***** SUPPLIED ENTRIES

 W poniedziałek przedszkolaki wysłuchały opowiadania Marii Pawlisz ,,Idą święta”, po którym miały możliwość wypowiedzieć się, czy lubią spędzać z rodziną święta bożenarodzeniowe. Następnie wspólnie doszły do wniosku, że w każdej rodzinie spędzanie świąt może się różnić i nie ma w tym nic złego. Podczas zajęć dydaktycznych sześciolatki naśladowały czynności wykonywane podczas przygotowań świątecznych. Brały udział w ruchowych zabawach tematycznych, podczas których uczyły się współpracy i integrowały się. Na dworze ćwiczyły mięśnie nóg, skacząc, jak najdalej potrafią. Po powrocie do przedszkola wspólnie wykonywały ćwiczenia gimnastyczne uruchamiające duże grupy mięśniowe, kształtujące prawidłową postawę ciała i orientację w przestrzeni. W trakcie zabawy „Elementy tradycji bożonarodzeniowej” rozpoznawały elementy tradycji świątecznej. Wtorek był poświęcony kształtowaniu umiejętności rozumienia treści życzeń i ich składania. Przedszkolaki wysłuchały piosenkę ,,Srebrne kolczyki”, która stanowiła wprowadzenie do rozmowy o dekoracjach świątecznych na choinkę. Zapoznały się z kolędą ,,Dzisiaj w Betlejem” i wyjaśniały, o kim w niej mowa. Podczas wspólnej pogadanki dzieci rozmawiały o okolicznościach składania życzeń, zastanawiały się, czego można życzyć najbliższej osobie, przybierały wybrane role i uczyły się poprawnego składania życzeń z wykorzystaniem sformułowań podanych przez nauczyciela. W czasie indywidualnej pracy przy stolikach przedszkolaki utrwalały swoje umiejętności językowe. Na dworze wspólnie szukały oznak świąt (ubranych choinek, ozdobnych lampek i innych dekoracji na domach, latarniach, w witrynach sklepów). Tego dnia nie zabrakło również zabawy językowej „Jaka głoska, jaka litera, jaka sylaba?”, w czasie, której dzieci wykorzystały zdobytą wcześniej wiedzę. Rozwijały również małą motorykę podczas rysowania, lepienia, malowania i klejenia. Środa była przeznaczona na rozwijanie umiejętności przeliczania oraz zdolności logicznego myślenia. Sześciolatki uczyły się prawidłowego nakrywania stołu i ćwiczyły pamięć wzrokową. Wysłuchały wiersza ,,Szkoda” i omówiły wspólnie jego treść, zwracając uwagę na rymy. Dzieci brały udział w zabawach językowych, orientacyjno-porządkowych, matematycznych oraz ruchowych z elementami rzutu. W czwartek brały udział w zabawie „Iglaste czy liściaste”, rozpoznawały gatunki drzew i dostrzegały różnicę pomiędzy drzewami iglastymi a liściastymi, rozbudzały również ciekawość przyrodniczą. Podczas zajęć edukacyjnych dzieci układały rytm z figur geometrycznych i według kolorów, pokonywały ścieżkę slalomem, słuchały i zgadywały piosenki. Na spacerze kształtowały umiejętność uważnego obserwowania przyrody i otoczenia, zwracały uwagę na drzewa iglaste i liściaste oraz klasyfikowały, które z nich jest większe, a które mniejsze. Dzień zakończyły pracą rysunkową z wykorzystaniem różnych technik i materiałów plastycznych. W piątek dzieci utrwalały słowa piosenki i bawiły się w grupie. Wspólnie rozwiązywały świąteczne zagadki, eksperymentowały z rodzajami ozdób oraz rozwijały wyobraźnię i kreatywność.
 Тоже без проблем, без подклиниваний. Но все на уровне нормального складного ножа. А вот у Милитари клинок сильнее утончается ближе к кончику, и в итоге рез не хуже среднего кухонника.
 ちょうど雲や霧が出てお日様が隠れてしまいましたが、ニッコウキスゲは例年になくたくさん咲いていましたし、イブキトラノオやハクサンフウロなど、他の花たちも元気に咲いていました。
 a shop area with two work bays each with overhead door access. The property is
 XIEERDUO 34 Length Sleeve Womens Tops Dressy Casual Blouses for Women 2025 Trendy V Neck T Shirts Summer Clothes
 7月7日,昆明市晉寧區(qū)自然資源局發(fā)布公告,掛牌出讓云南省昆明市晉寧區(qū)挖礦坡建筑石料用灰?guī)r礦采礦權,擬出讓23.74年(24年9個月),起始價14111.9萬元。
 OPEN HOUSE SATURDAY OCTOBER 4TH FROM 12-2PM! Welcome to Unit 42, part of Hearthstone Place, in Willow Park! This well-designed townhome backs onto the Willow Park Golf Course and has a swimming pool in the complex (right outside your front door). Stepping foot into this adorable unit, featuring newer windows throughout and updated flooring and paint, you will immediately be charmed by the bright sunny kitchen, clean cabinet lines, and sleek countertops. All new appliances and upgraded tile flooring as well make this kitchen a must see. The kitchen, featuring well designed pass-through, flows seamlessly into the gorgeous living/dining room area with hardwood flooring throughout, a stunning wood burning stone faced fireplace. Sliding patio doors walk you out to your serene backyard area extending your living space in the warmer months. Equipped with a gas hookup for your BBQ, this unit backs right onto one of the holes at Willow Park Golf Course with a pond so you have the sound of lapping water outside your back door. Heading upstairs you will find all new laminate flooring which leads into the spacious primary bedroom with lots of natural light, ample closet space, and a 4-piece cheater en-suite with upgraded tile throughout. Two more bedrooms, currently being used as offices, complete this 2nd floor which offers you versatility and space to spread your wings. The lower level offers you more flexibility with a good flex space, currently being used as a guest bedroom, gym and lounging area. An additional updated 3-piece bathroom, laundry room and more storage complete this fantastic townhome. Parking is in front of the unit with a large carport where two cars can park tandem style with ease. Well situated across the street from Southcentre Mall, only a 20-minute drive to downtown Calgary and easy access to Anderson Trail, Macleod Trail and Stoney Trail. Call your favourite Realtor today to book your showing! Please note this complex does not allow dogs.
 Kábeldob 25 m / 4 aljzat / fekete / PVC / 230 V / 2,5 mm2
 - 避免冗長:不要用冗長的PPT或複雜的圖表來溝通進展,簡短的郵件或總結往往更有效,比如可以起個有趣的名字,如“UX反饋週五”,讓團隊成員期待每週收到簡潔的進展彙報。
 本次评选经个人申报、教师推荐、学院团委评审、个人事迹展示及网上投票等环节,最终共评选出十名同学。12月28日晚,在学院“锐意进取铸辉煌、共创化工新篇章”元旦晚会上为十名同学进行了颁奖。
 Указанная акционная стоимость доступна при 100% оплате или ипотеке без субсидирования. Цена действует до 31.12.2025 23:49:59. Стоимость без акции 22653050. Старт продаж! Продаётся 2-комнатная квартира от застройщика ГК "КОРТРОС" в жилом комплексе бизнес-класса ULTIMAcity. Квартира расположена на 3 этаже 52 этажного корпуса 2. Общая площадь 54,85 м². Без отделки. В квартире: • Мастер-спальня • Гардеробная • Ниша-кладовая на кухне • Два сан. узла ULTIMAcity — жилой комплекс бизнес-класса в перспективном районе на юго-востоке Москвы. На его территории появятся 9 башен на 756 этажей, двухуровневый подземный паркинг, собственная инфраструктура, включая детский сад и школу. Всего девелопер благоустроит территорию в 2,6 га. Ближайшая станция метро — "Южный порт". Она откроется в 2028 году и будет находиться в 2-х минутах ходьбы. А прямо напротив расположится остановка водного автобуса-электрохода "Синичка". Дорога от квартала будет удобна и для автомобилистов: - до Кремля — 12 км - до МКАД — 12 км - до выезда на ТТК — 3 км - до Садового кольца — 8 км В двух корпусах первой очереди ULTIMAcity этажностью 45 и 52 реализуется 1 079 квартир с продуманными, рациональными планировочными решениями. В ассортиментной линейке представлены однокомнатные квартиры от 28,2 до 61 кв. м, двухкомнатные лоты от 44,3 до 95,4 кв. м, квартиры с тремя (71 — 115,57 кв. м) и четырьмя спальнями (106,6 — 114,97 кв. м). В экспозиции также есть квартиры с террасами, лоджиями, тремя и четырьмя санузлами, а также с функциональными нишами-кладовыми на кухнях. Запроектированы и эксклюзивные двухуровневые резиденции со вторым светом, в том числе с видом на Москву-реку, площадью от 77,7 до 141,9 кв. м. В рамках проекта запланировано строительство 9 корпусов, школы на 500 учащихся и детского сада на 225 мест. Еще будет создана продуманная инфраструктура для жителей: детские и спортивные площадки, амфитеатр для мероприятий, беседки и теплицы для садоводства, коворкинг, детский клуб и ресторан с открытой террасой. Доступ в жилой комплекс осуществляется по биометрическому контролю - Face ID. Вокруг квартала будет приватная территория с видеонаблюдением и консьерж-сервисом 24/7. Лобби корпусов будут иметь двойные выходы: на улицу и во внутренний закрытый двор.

**********

# TASK ITEM
Looking at the records above, return exactly the lines from the line with "a shop area" to the line with "Kábeldob 25 m", both ends included.

# ANSWER BOX
 a shop area with two work bays each with overhead door access. The property is
 XIEERDUO 34 Length Sleeve Womens Tops Dressy Casual Blouses for Women 2025 Trendy V Neck T Shirts Summer Clothes
 7月7日,昆明市晉寧區(qū)自然資源局發(fā)布公告,掛牌出讓云南省昆明市晉寧區(qū)挖礦坡建筑石料用灰?guī)r礦采礦權,擬出讓23.74年(24年9個月),起始價14111.9萬元。
 OPEN HOUSE SATURDAY OCTOBER 4TH FROM 12-2PM! Welcome to Unit 42, part of Hearthstone Place, in Willow Park! This well-designed townhome backs onto the Willow Park Golf Course and has a swimming pool in the complex (right outside your front door). Stepping foot into this adorable unit, featuring newer windows throughout and updated flooring and paint, you will immediately be charmed by the bright sunny kitchen, clean cabinet lines, and sleek countertops. All new appliances and upgraded tile flooring as well make this kitchen a must see. The kitchen, featuring well designed pass-through, flows seamlessly into the gorgeous living/dining room area with hardwood flooring throughout, a stunning wood burning stone faced fireplace. Sliding patio doors walk you out to your serene backyard area extending your living space in the warmer months. Equipped with a gas hookup for your BBQ, this unit backs right onto one of the holes at Willow Park Golf Course with a pond so you have the sound of lapping water outside your back door. Heading upstairs you will find all new laminate flooring which leads into the spacious primary bedroom with lots of natural light, ample closet space, and a 4-piece cheater en-suite with upgraded tile throughout. Two more bedrooms, currently being used as offices, complete this 2nd floor which offers you versatility and space to spread your wings. The lower level offers you more flexibility with a good flex space, currently being used as a guest bedroom, gym and lounging area. An additional updated 3-piece bathroom, laundry room and more storage complete this fantastic townhome. Parking is in front of the unit with a large carport where two cars can park tandem style with ease. Well situated across the street from Southcentre Mall, only a 20-minute drive to downtown Calgary and easy access to Anderson Trail, Macleod Trail and Stoney Trail. Call your favourite Realtor today to book your showing! Please note this complex does not allow dogs.
 Kábeldob 25 m / 4 aljzat / fekete / PVC / 230 V / 2,5 mm2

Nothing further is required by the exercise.